**Data for analysis**
Segment Open
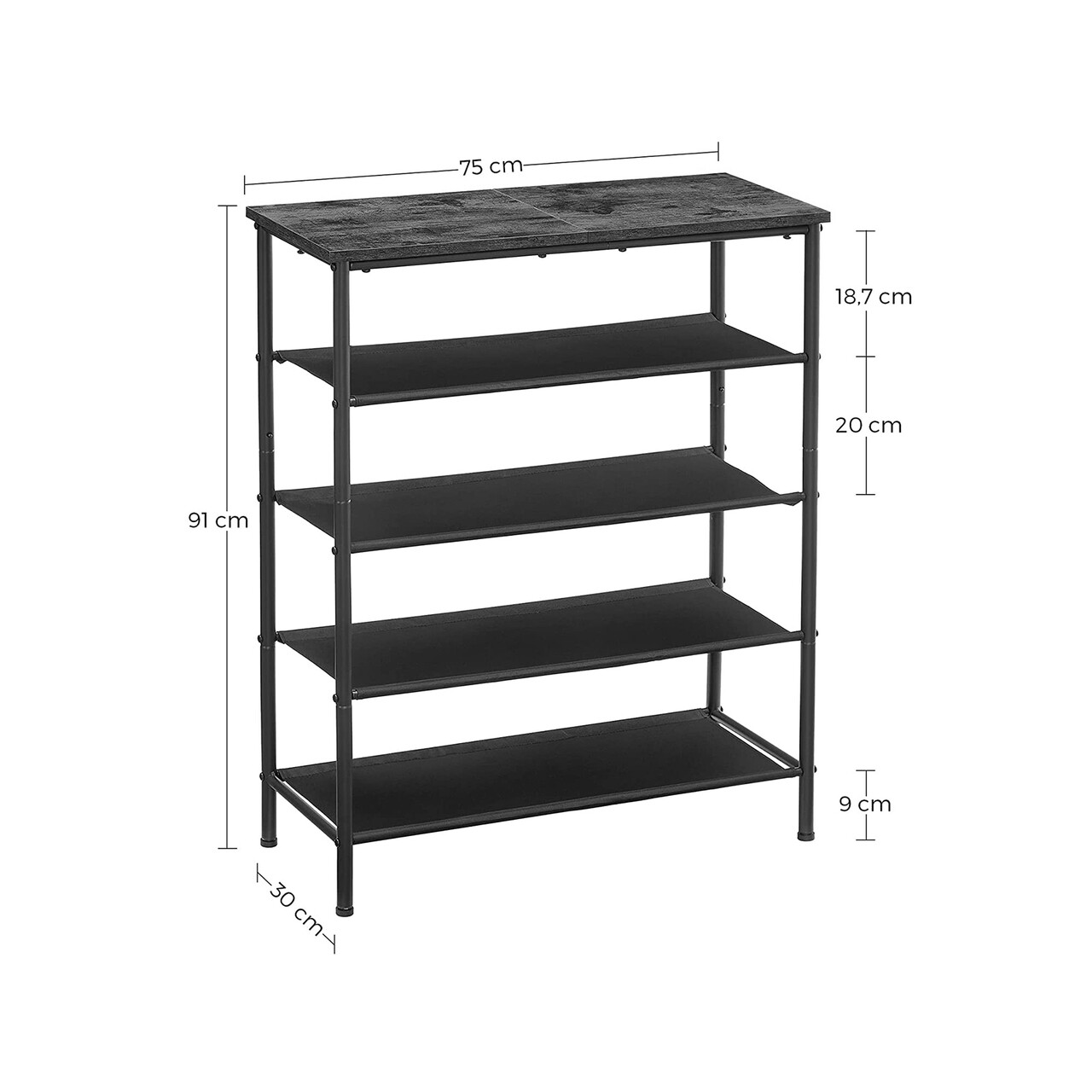 Blatul din PAL sustine genti, plante mici sau decoratiuni. Cele 4 rafturi deschise din material textil ofera spatiu generos pentru pantofi.
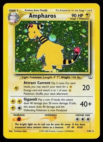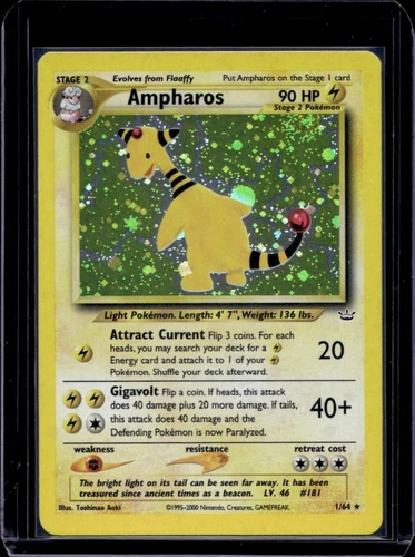 Pokémon TCG Ampharos Neo Revelation 1/64 Holo Unlimited Holo Rare Beckett Rev 9
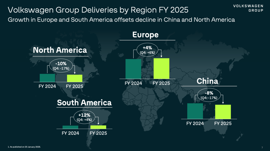 China: Continues to decline, down 8%, following a 10% drop last year. According to our previous article "The Resilience and Cost of Volkswagen Group's Global and Chinese Performance in 2025," Volkswagen Group sold 2.69 million vehicles in China in 2025.
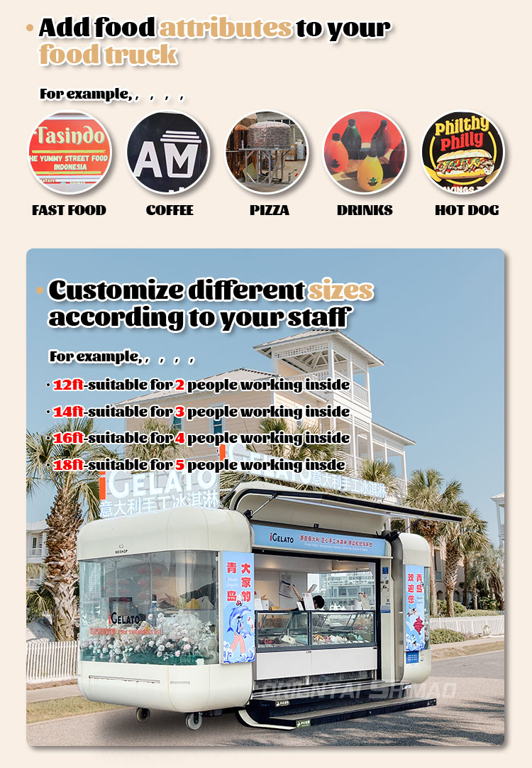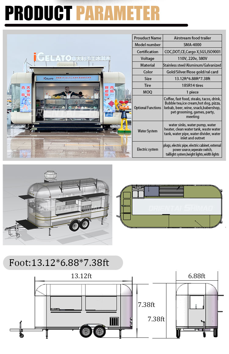 Chúng tôi có thể cung cấp xe bán đồ ăn di động Chứng nhận: DOT, CE, SGS, SCI, ISO, COC,
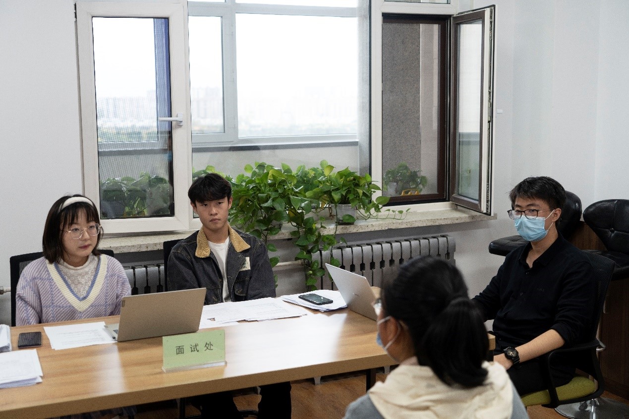 团委于工会活动室开展了第四届团学组织成员纳新面试工作。本次面试由柴光进、项悦、吴芊妤、査吉薇、卫江南五位团学组织负责人主持并担任线下面试官,在田野考古实践教学基地实习的团委副书记温景超、学生会主席团成员李广泽担任线上面试官。面试过程由团委宣传部通讯中心高洁负责拍摄并做会议记录。2021级新生共有37位同学报名参加了本次纳新面试。
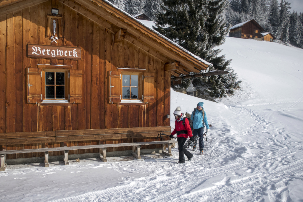 Nun gehst Du links am See entlang und folgst dem Almeinweg weiter bergwärts zur Alphütte. Gehe nun nach links, weiter bergwärts. Der nächste Anhaltspunkt ist die gut versteckte Jagdhütte, welche auch der höchste Punkt der Schneeschuhwanderung ist. Bei schönem Wetter und klarer Sicht hast Du von hier ein herrliches Rundumpanorama. Von hier aus führt der Weg gemütlich und leicht bergab zum Alpengasthaus Rellseck. Das Alpengasthaus Rellseck lädt zu einer Stärkung in großartiger Kulisse ein. Bevor der Abstieg gestartet wird, lohnt sich ein Kleidungswechsel beim Gasthaus zu machen.
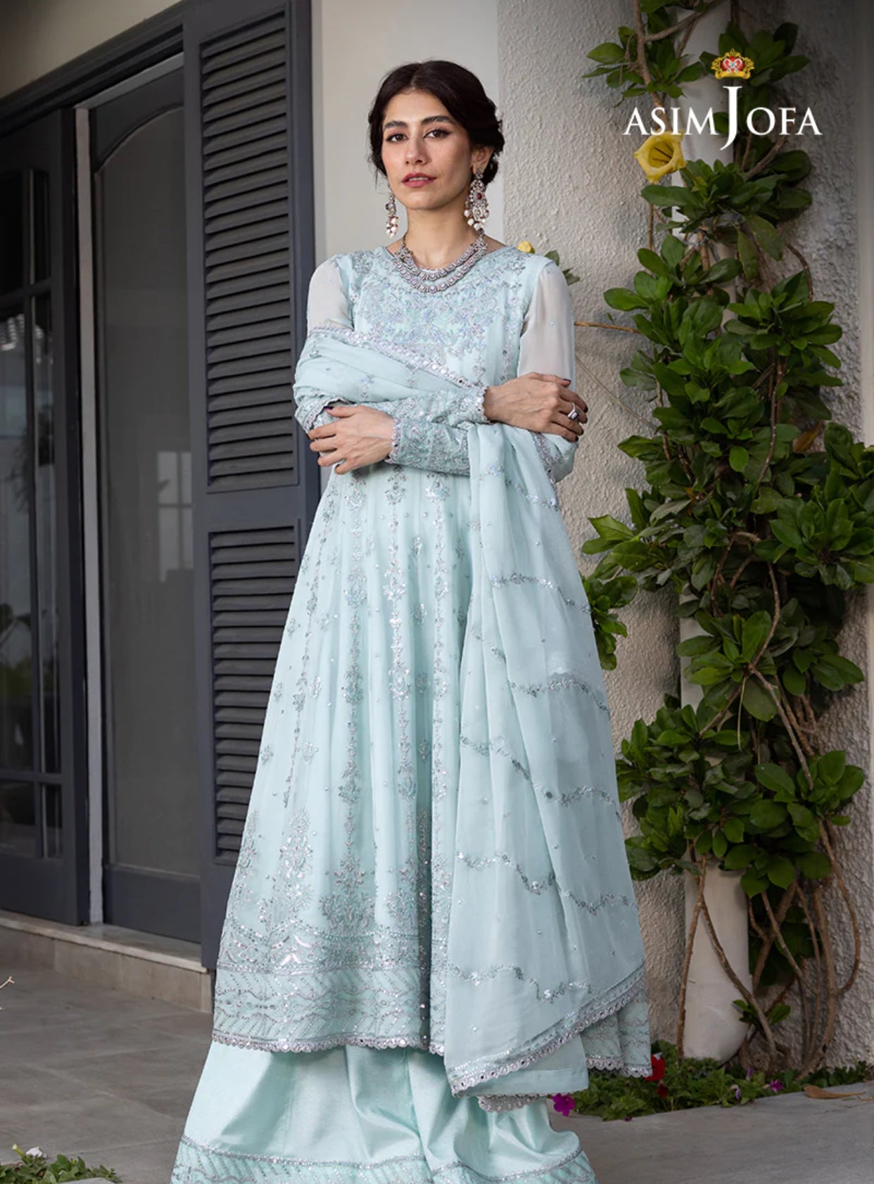 In the serene shade of dusty mint, this ensemble from Asim Jofa’s ‘MERA HASEEN JORA’ collection exudes an aura of calm that's both effortless and eye-catching. Dazzling sequin, lurex, zari, and thread work embellish the kalidaar and dhaka pajama while the dupatta adds a touch of ethereal charm. A masterpiece that balances traditional aesthetics and contemporary sophistication.
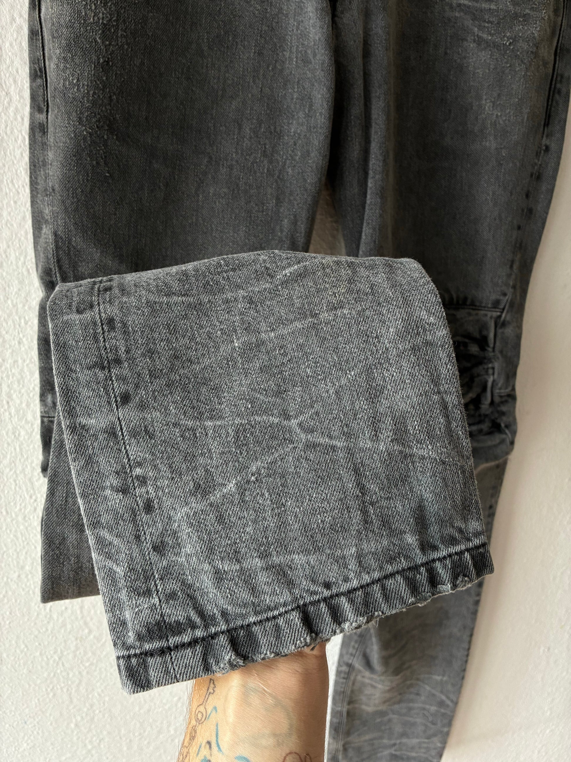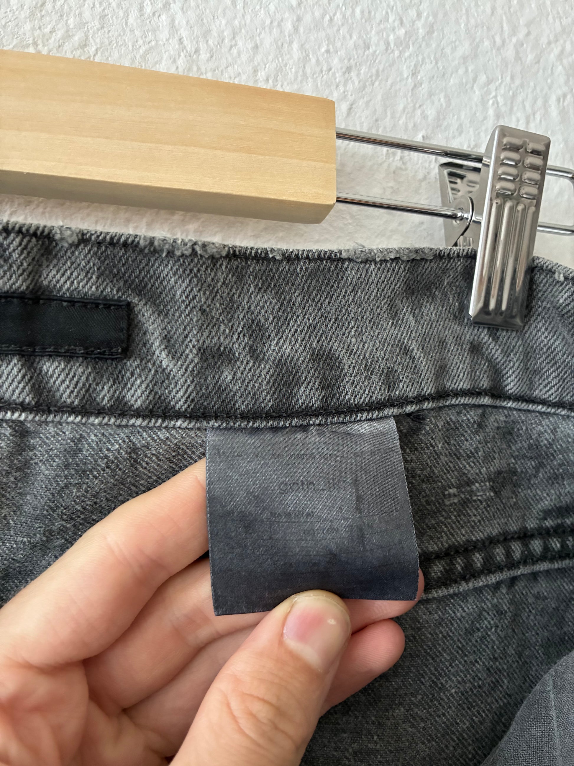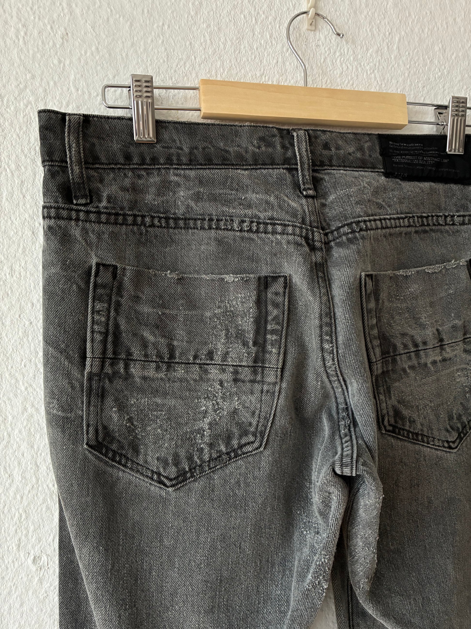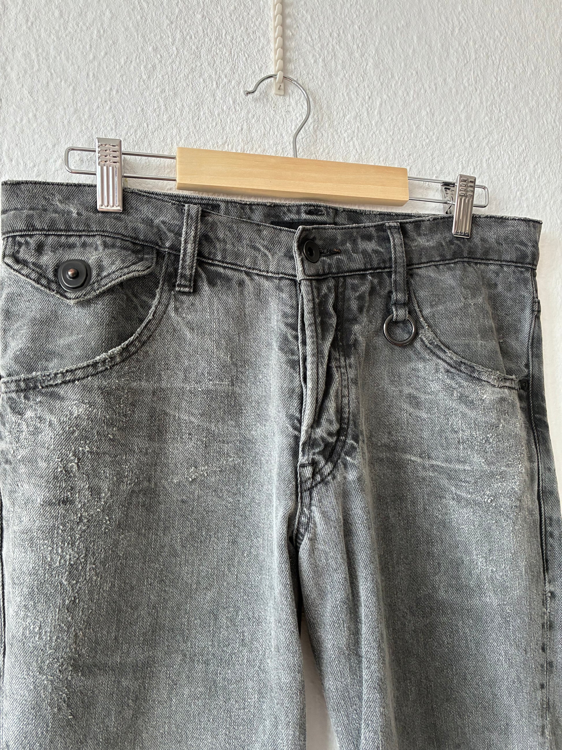 Amazing details. Lots of distressings and fabulous wash. Made of very thick denim. Gas mask button. Chain ring. Extra long inseam for stacking.
Segment Closed
**What this task involves**
Using the listing above, repeat word for word each line from the one with "China: Continues to" down to the one with "团委于工会活动室开展了第四届", both included. Omit all pictures.

**Answer to the problem**
 China: Continues to decline, down 8%, following a 10% drop last year. According to our previous article "The Resilience and Cost of Volkswagen Group's Global and Chinese Performance in 2025," Volkswagen Group sold 2.69 million vehicles in China in 2025.
 Chúng tôi có thể cung cấp xe bán đồ ăn di động Chứng nhận: DOT, CE, SGS, SCI, ISO, COC,
 团委于工会活动室开展了第四届团学组织成员纳新面试工作。本次面试由柴光进、项悦、吴芊妤、査吉薇、卫江南五位团学组织负责人主持并担任线下面试官,在田野考古实践教学基地实习的团委副书记温景超、学生会主席团成员李广泽担任线上面试官。面试过程由团委宣传部通讯中心高洁负责拍摄并做会议记录。2021级新生共有37位同学报名参加了本次纳新面试。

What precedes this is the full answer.